UNCASVILLE, Conn. (AP) — With the deadly ambush of two Connecticut police officers still fresh in voters’ minds, Republican gubernatorial candidate Bob Stefanowski on Tuesday blamed a police reform law signed by Democratic Gov. Ned Lamont for encouraging lawlessness as the pair met in the final debate of the race.
The claim sparked a sharp rebuke from Lamont, who accused his opponent of politicizing the tragedy, calling it the “cheapest grandstanding imagined.”
Besides the economy and inflation, crime has been a key issue in the rematch race between Lamont and Stefanowski. It has become more heated since three Bristol Police officers were shot Oct. 12 in what police believe was an ambush set up by a 911 call made by the shooter. Two Bristol officers died.
Stefanowski recently began running a TV ad that features the wife of a police officer from another department who was seriously injured after being run down by repeat criminal. In the ad, the woman, whom Stefanowski pointed out in the debate audience, says she blames Lamont for the crime.
Two years ago, Lamont signed into law a wide-ranging bill, proposed in the wake of the Minneapolis police killing of George Floyd, that made numerous changes to policing in Connecticut. It created a new inspector general to investigate police use-of-force cases, limited circumstances in which deadly force is justified, and allowed more civilian oversight of police departments.
The most contentious part of the new law, which sparked a protest at the state Capitol, allowed civil lawsuits against officers by individuals who have had their constitutional rights violated by police if those actions were deemed “malicious, wanton or willful,” among other things.
Following Tuesday’s debate, Stefanowski called it “unconscionable” for Lamont not to consider revamping the law after the two officers were killed.
“For him to not even consider, not even consider changing it, is crazy,” said Stefanowski, who said he has heard from police officers who believe the legislation helped to create a culture of “tolerance” for criminals and a lack of respect for police officers. Stefanowski, who has been endorsed by multiple police unions in the state, accused Lamont of showing a “lack of respect” for law enforcement.

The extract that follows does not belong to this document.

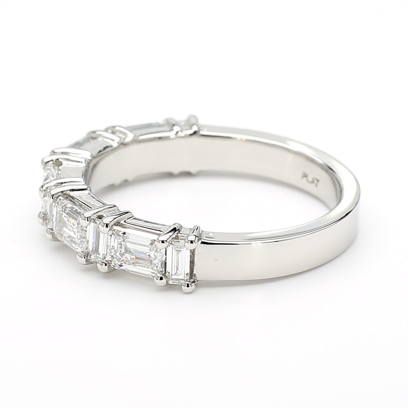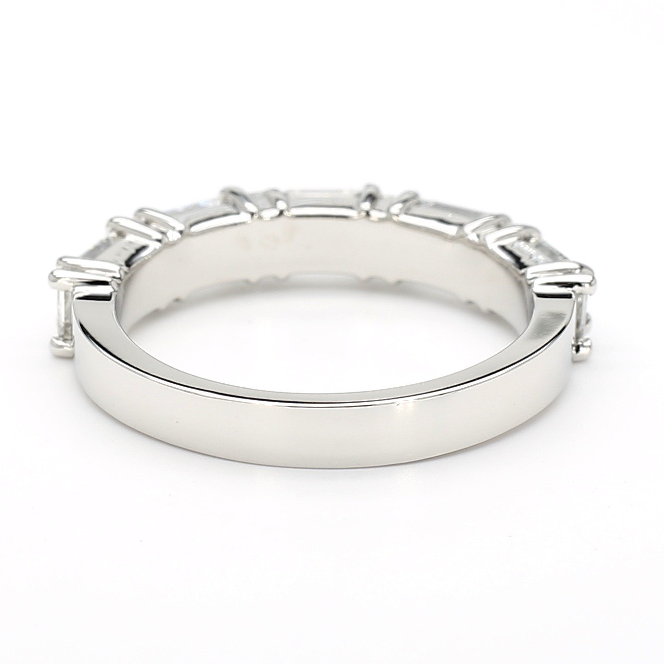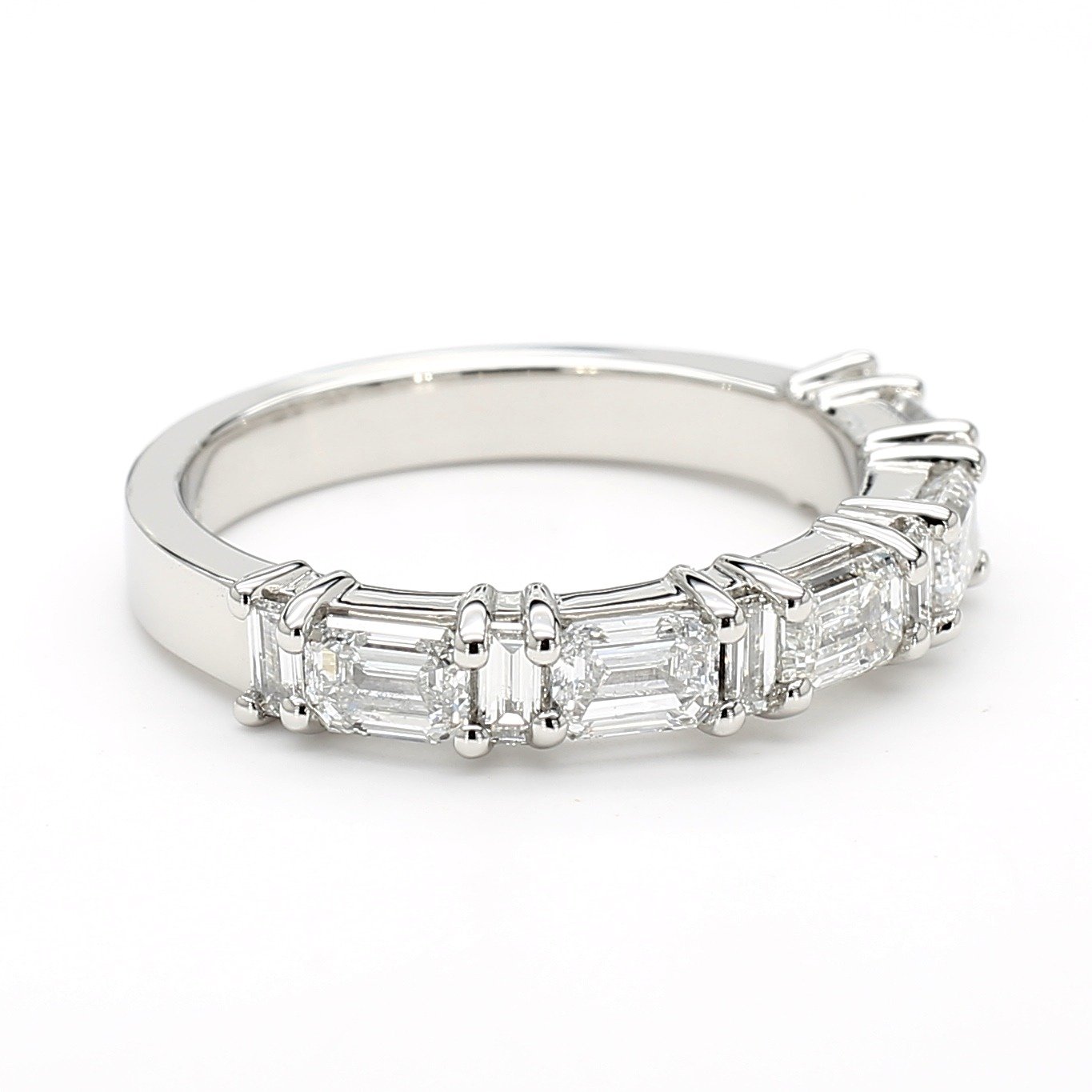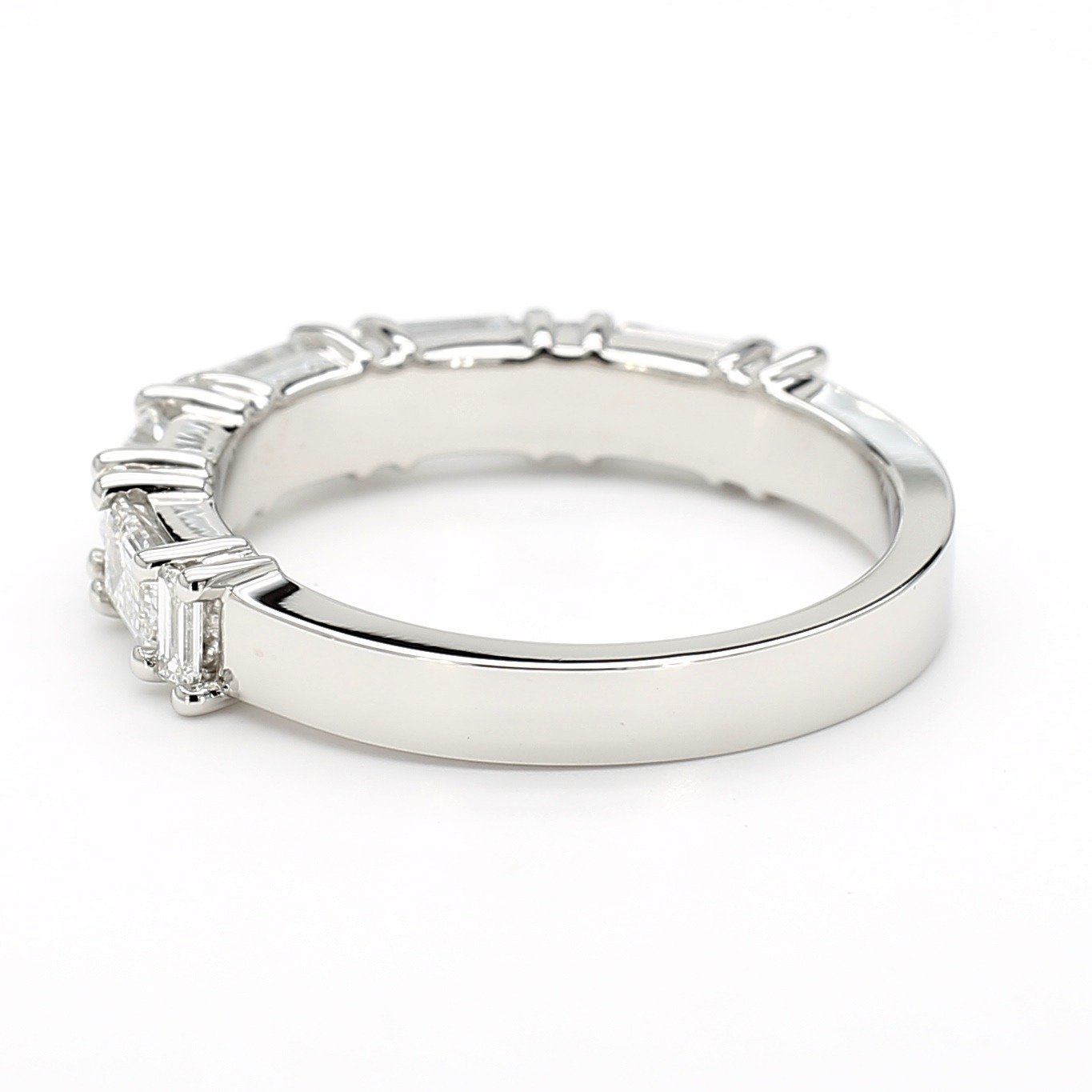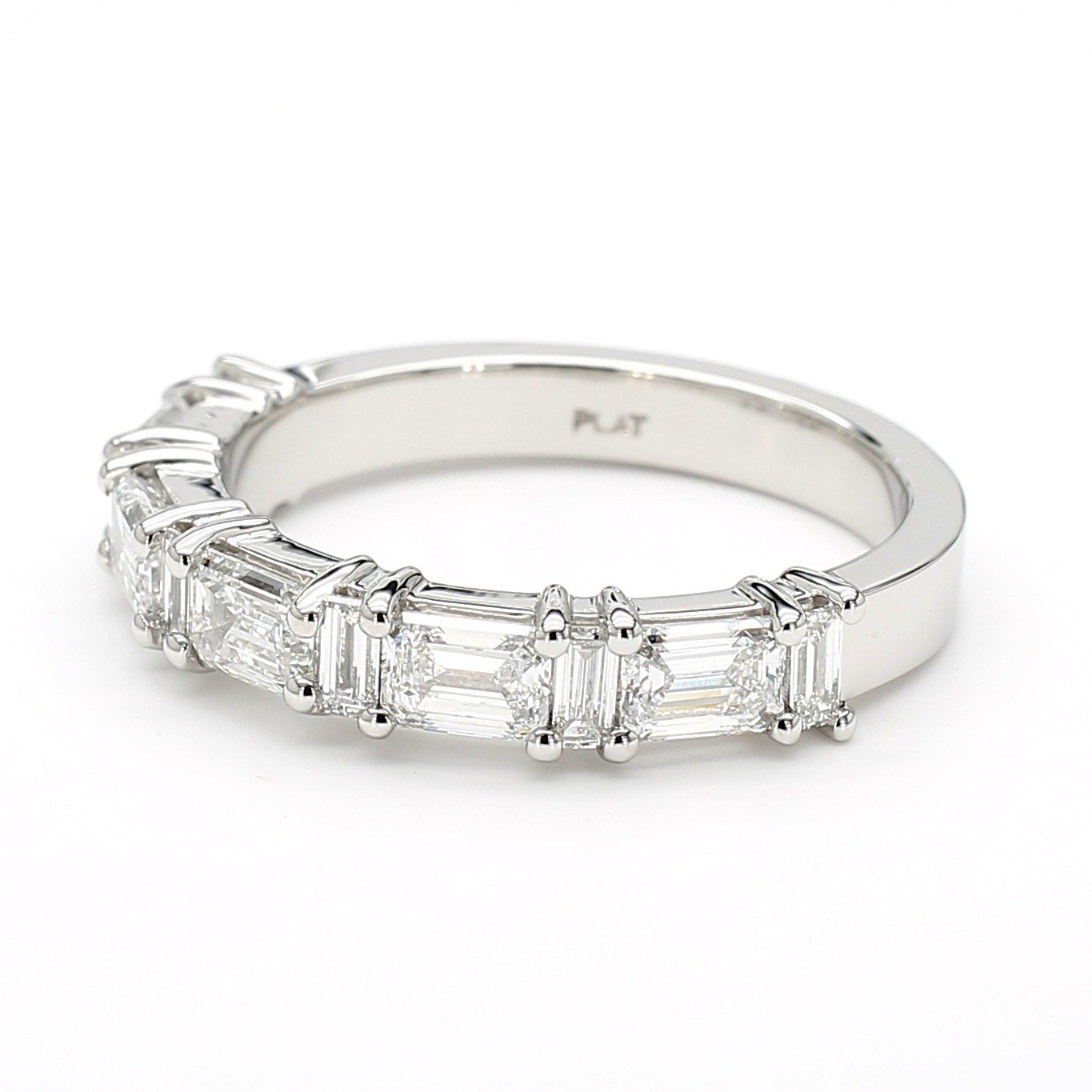 This wedding band is crafted in platinum and set with alternating emerald-cut and straight baguette-cut diamonds in a shared-prong setting. The emerald cuts provide bold step-cut facets, while the baguettes add sleek linear brilliance, creating a refined balance of symmetry and sparkle. The band has a smooth, high-polish finish for comfortable wear and a modern, structured aesthetic.

Lamont said it was a “horrible accusation” for Stefanowski to say he doesn’t care about officers.
“That’s shocking. You know, I was there at Rentschler Field,” he said referring to the stadium where a massive funeral was held for Bristol officers Dustin DeMonte and Alex Hamzy. “I was there with 15,000 men and women in blue. I know exactly what that means. I just think you can’t make those accusations. It’s false and unfair and they’re wrong.”
Rob Hotaling, the governor candidate on the Connecticut Independent Party ticket and the only biracial contender in the race, said he understands the safety concerns of police officers but also the safety concerns of people like him who have been racially profiled for crimes they didn’t commit.
“When you go through that experience, you realize you take a different perspective on the police accountability bill,” said Hotaling. He said he agreed with Lamont that Stefanowski was “politicizing” the issue.
“Police officers lost their lives. We need to respect that. But then you look at, OK, how do we make sure our communities are safe? Our police are safe? We should leave the politicization out of the way,” he said. “There’s no room for that in a civil society.”